26.敵わない

「改めて、誕生日おめでとう」


 食事をして、ちょっと歩いて。

 ポツポツと会話しながら過ごして、そろそろ帰ろう、と駅まで歩き出したときだった。

 隣を歩く田所が、小さく笑う。


「ありがとう、でも、突然だね」

「別にいいだろ、減るものでもないし」

「そうだね。それじゃあ、木津くんも、お誕生日おめでとう」

「俺のはもう、九月に終わってるだろ」

「でも、減るものじゃないでしょ?」


 田所が、いたずらっ子のような笑みを浮かべてこちらを見上げてくる。

 羽で触れられるような心地を、必死に無視した。


 田所の二十七歳の誕生日。

 あの日を境に、俺たちはよりいろんなことを話すようになった。


 今までのように雑談をすることもあれば、お互いの深い部分に触れるような話をすることもある。

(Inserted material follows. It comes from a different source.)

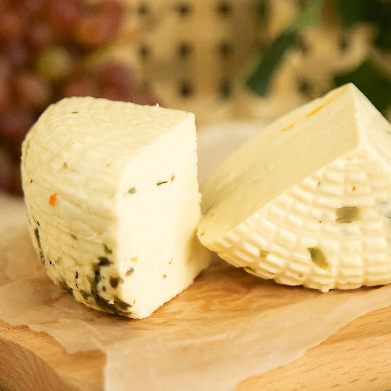 Молоко коровье цельное пастеризованное, соль пищевая, сычужный фермент микробного происхождения, базилик, майоран, орегано, паприка, петрушка, розмарин, тимьян. М.д.ж. в сух.в-ве 50%.

 話しているとなんというか、今までどれだけ柳生が間を取り持ってくれていたかが、痛いほど身に染みた。


 雑談だけのときは、普通に話せる。

 だけど、深い話になったときに、お互いにどこまで踏み込んでいいのか、どこまで踏み込まれても大丈夫なのかの境界線があいまいだった。

 それで何度かお互いに傷ついてしまったこともある。


 それでも、確実に一歩ずつ、歩み寄ることはできていた。

 だからこそ、今日、言おうと思っていたことがある。


「気づいてたかもしれないけど」

「ん? なに?」


 田所は、小さく首を傾げる。


 正直、まだはやいのではないか、という気持ちもある。

 でも、先延ばしにした結果、言えなくなること、会えなくなることもあるとわかったから。


「……好き、だ」


 他にもいろいろ考えていたのに、結局それしか言えずに、顔ごと視線をそらしてしまう。

 心臓の音がうるさい。


「……ごめん、今は、まだ答えられない」

「そう……か。悪い、変なこと言った」

「あ、違う、その、えっと、違うから。木津くんが嫌だとかそういうのじゃなくて!」


 慌てたような声に思わずそちらを向けば、田所は、なにか言葉を探すように目を動かす。

 柳生がよくやっていた仕草だ。

 一年同じクラスだったとはいえ、そこから間も空いているのに移るのか、とか、一か月も一緒にいたんだもんな、とか。

 そういったことが頭を巡って、胸を刺す。


 柳生が言っていた、好きな人に関する色々が、今ならわかるかもしれない。

 前よりさらに頻繁に思うようになったのだ。

 柳生には敵わない、と。

 それがすごく、悔しかった。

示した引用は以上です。